It is difficult to know how to commemorate someone who you have never really seen as dead, a woman who shapes the contours of your mental landscape with a startling intimacy. (Certainly, her words have sat with me and taken my hand in many difficult hours of the past six or seven years). Moreover, I am wary of the insipid kinds of commemoration that really kill a revolutionary by making them harmless. No revolutionary, besides perhaps Marx, has experienced the process described by Lenin of “hallowing their names to a certain extent for the “consolation” of the oppressed classes and with the object of duping the latter, while at the same time robbing the revolutionary theory of its substance, blunting its revolutionary edge and vulgarizing it” more than Luxemburg. Whilst Lenin’s name can still provoke a few into a blind rage, very few give Luxemburg the credit of being a clear and present danger to the capitalist system, and the opportunists and cowards who lull themselves into being its supporters. To commemorate Luxemburg properly these days means making her so dangerous that not one of the descendants of the December Men (the SPD centrists) will dare invoke her name. To commemorate her properly means bringing out her ideas, her programme, her revolutionary will into blazing life.

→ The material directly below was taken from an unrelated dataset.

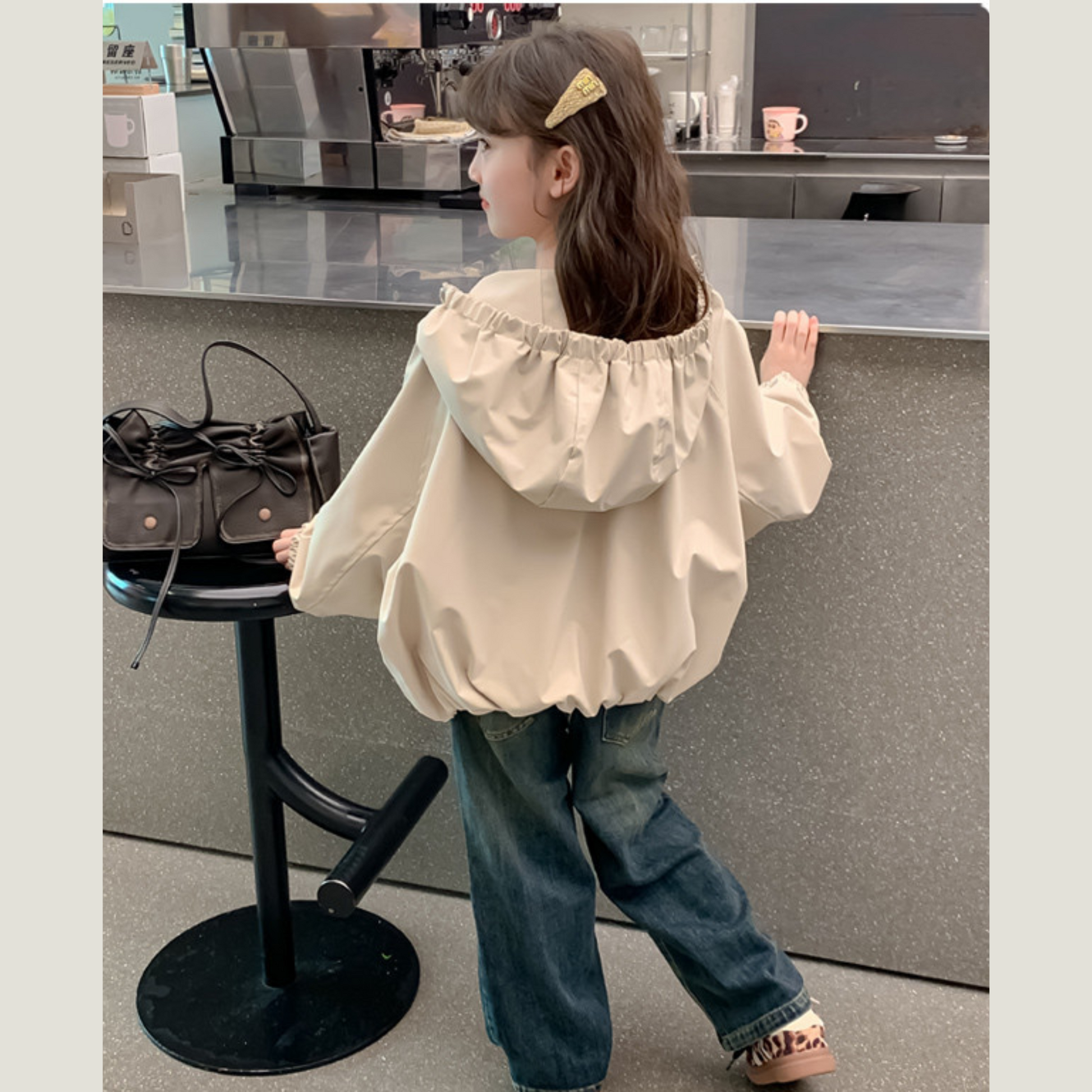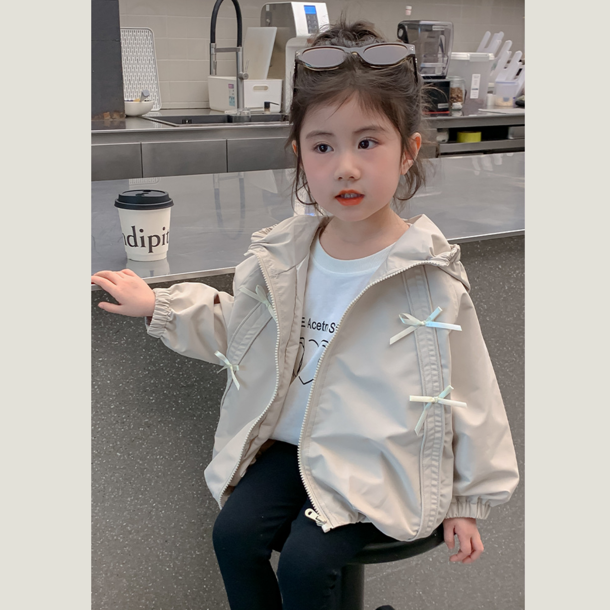 - さりげなくあしらわれたリボンがアクセントになった、ガーリーなフーディアウター✨

What strikes me about Luxemburg these days is her clarity, a quality that has both unsettled and inspired those who encounter her over the years. Zinoviev described her as the “clear intelligence” of the German Communist Party in 1920. In 1922, the group Rote Jugend (Red Youth) described her as part of “the ones who brought together proletarian class consciousness, theoretical clarity and practical activity” who are now lost to us. With regards to her relationship with Leo Jogiches, her male biographer J.P. Nettl accused her of “blinding” clarity which was “the most destructive element in all human relationships”. What Nettl misses is that there was no way for Luxemburg to love without clarity.

To know how to love is to know how to see things for what they are. That means being able to appreciate them in the fullness of their existence outside of how you desire them to be. Rosa Luxemburg was not an incurable optimist because she did not know what German Social Democracy was like. She was an incurable optimist because she knew precisely what German Social Democracy was like and hence could discern its capacity for transformation all the more sharply. Clarity is not simply a weapon against false hope, it is a weapon against the distorting effects of despair upon political action. Nothing in Rosa Luxemburg yields to howling, which she rightly derided as “for the weak”.

However, it is all too easy to idealize her clarity, her ability to grasp the deliberately occluded dynamics of the world. It was not a gift and it was not a miracle. She obtained her clarity through years of hard work. This included serious and dedicated study, for which her multiple spells in prison were immensely useful, but also the more routine party work; going to Silesia to run an election campaign amongst workers there, writing articles for the various party newspapers, addressing demonstrations. It is essential that we do not exceptionalise Luxemburg for her clarity, but do everything we can to obtain it for ourselves.

This kind of clarity is not compatible with the brittle “unity” which calls for submerging our differences in principles under a red banner and getting on with it. That kind of unity is only a vulgar ‘follow the leader’ game that Luxemburg, a woman who unhesitatingly butted heads with every leading theorist of her time, had no patience for. It calls for a meaningful unity, a unity based on a shared political programme, that has been worked out over countless hours of discussion — one which seeks not to evade divisive questions, but answers them boldly.

The Resolution she presented to the second conference of the International Group (the forerunner to the Spartacist League), which I have translated below, exemplifies the kind of revolutionary internationalism we are still working towards.


Resolution on the Character of the New International

This resolution was passed unanimously at the second national conference of the “International Group” in Social Democracy. The conference took place on 19th March 1916, composed of delegates of 17 different cities. The second resolution Rosa Luxemburg proposed related to the obligations of Social Democratic parliamentarians, in which she advocated that war credits had to be rejected at every vote on the basis of socialist principles.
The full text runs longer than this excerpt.